AI Safety

Auditing the Reliability of Multimodal Generative Search

Study of 11,943 claim-video pairs reveals up to 18.7% of Gemini's video citations don't support its claims.

Deep Dive

A new research paper from Erfan Samieyan Sahneh and Luca Maria Aiello presents a large-scale audit of Google's Gemini 2.5 Pro multimodal search system, which retrieves and synthesizes answers from multimedia content like YouTube videos. The study analyzed 11,943 claim-video pairs generated across Medical, Economic, and General domains. Using automated verification with three independent LLM judges (achieving 87.7% inter-rater agreement and validated against human annotations), the researchers found that between 3.7% and 18.7% of video-grounded claims were not substantiated by their cited sources. The failure was rarely outright contradiction; instead, the dominant modes were unverifiable specificities and overstated claims.

This suggests the system often injects precise but ungrounded details from its parametric knowledge while citing videos as evidence, creating a misleading veneer of authority.

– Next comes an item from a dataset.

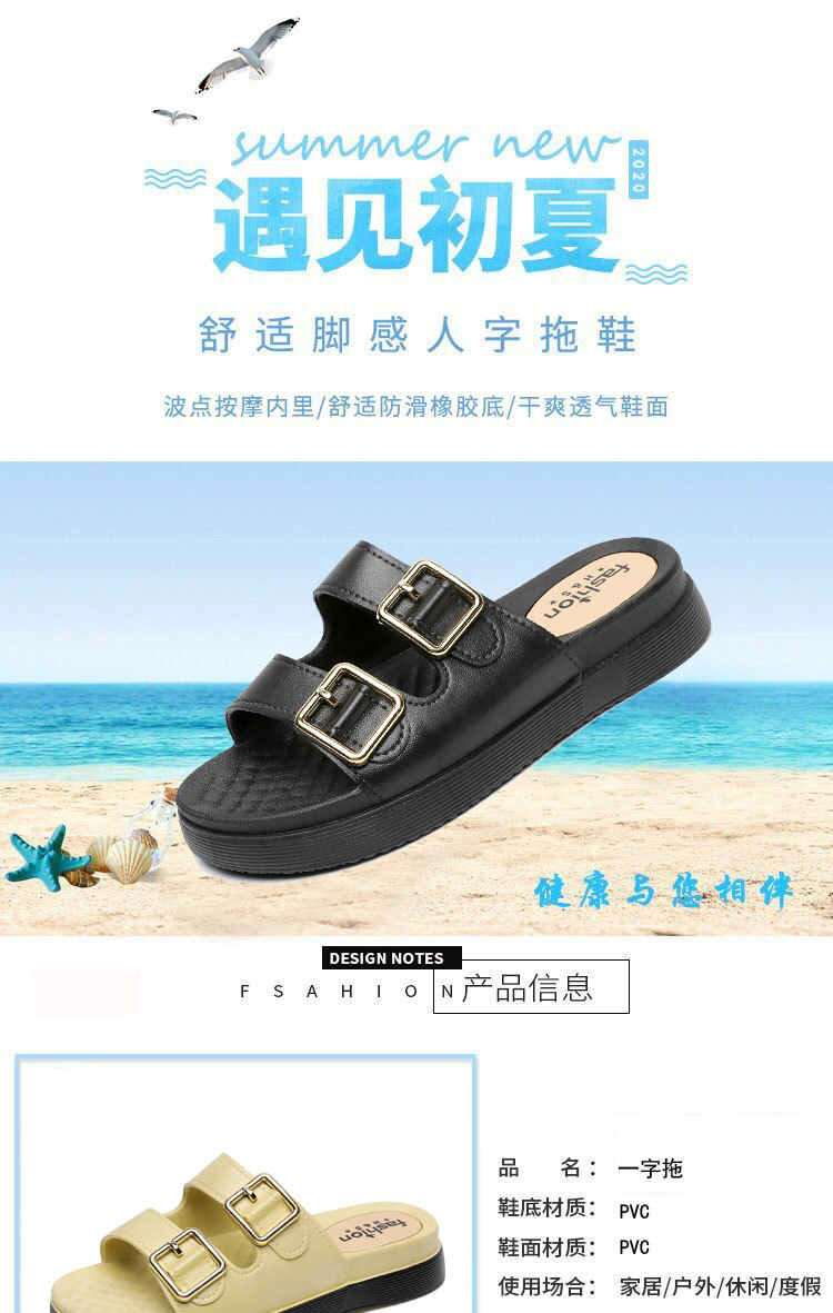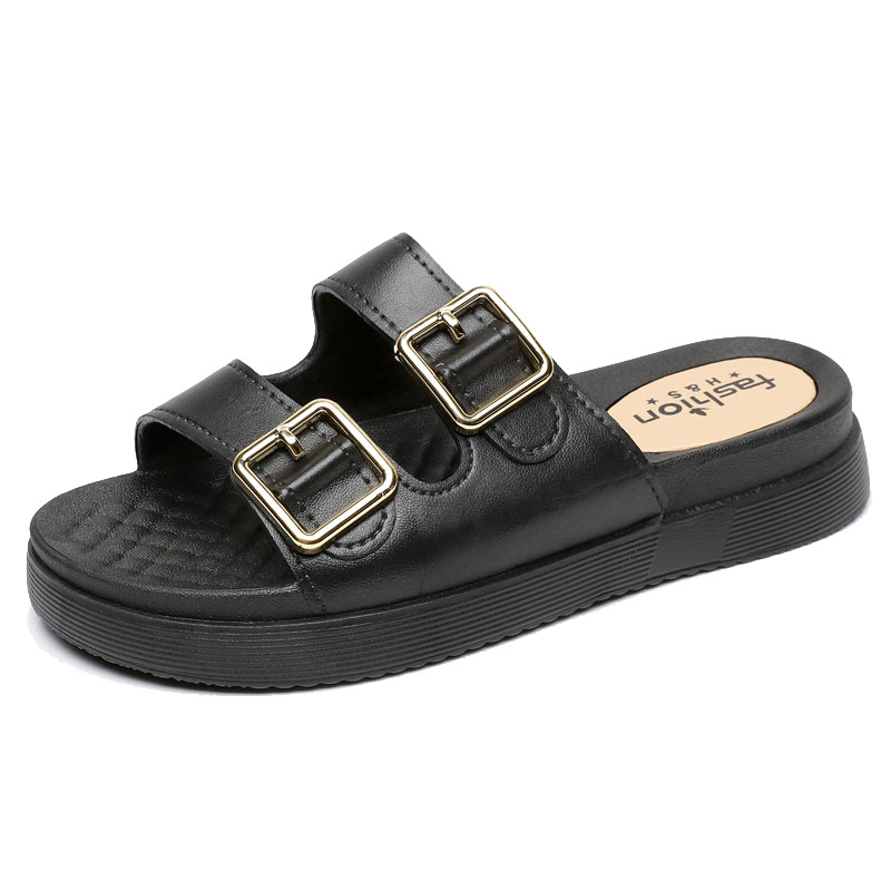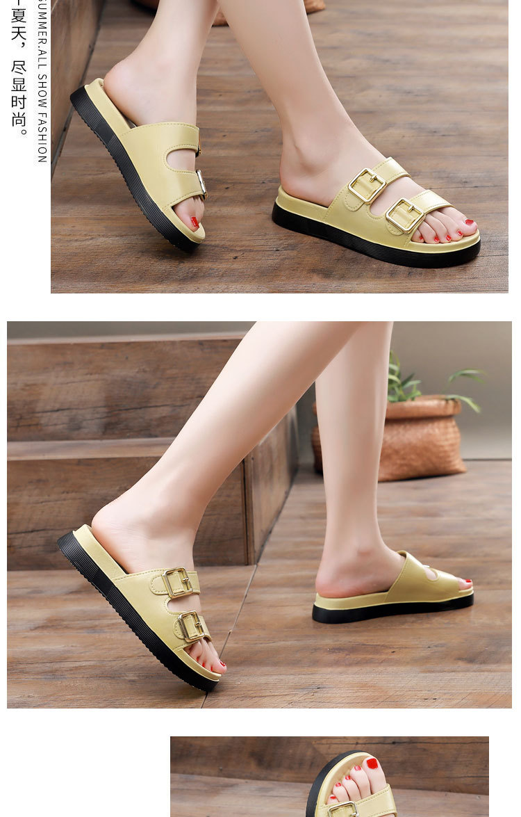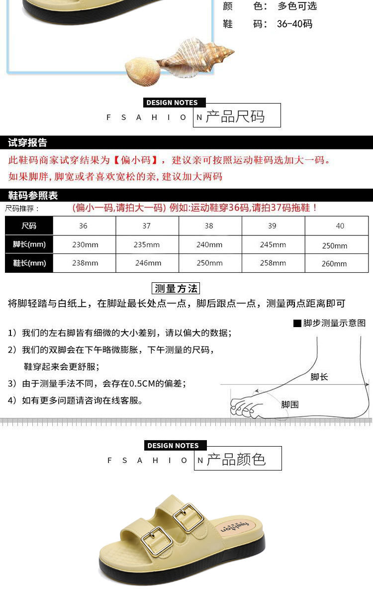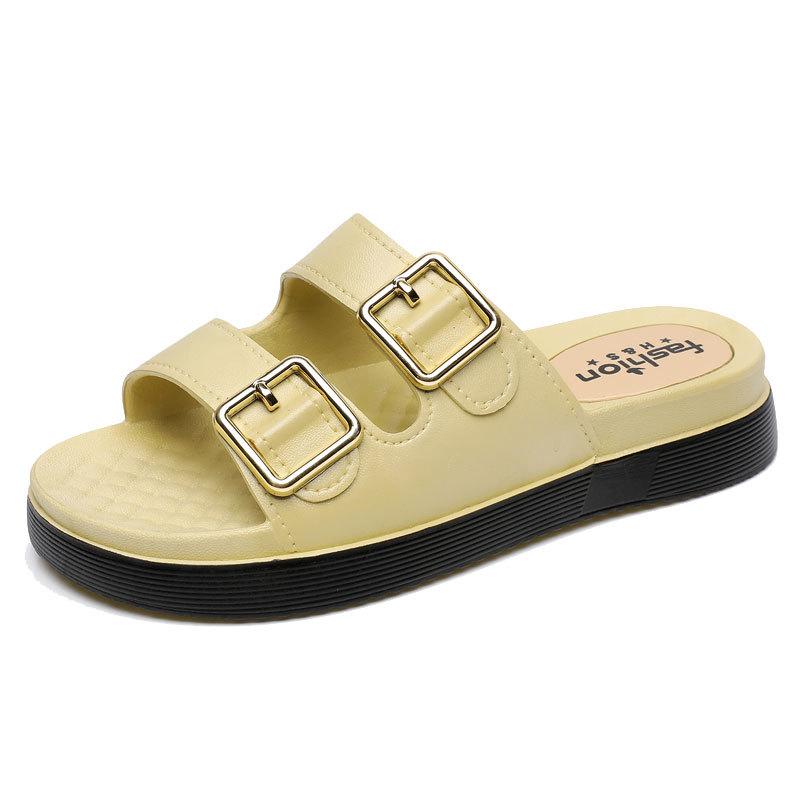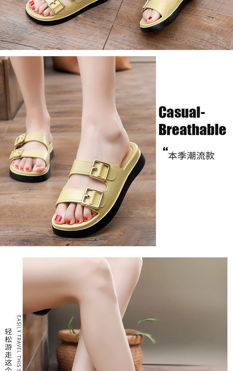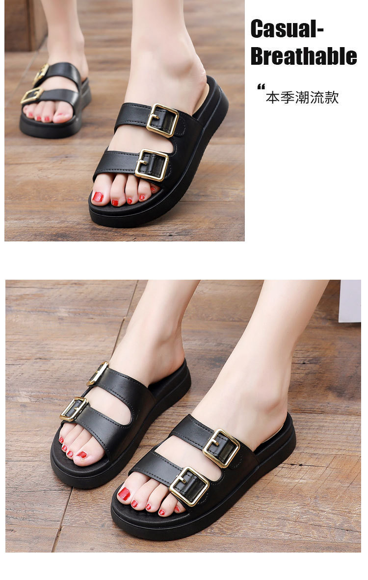 여성용 미끄럼 방지 슬라이드 유행 새 여름 외부 두꺼운 하단 미드 힐 편안한 더블 버클 캐주얼 비치 샌들
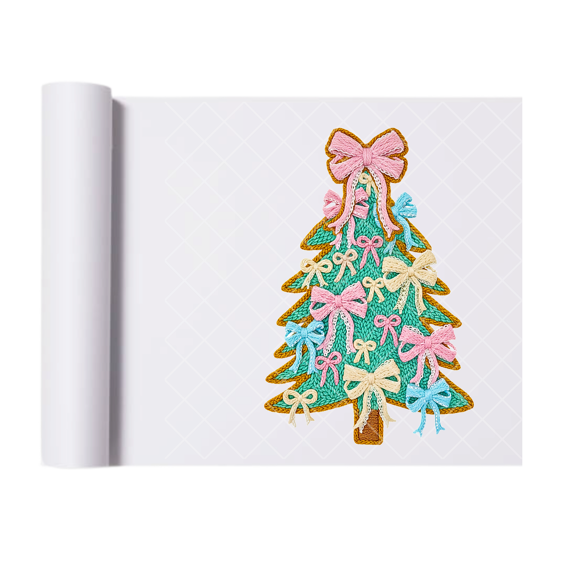 Bow Christmas Tree Faux Stitch - Direct-To-Film Heat Transfer for T-Shirts, Cotton, Polyester & Blends - High-Quality Print

Exploratory post-hoc analysis via logistic regression identified key properties associated with these failures: claims that depart significantly from the source vocabulary (β = -1.6 to -3.1, p < 0.01) and claims with low semantic similarity to the video transcript (β = -2.1 to -11.6, p < 0.01) are significantly more likely to be unsupported. The findings characterize a critical gap between the confidence these generative search systems project and the actual fidelity of their outputs, highlighting a fundamental trustworthiness issue for users relying on them for information.

Key Points
  • Audit of 11,943 Gemini 2.5 Pro claim-video pairs found 3.7% to 18.7% of citations unsupported.
  • Primary failure was injecting ungrounded, precise details from parametric knowledge while citing videos.
  • Claims with low semantic similarity to video transcripts were significantly more likely to be unsupported (β = -2.1 to -11.6).

Why It Matters

This exposes a critical trust gap in AI search tools that project authority by citing sources they don't fully support.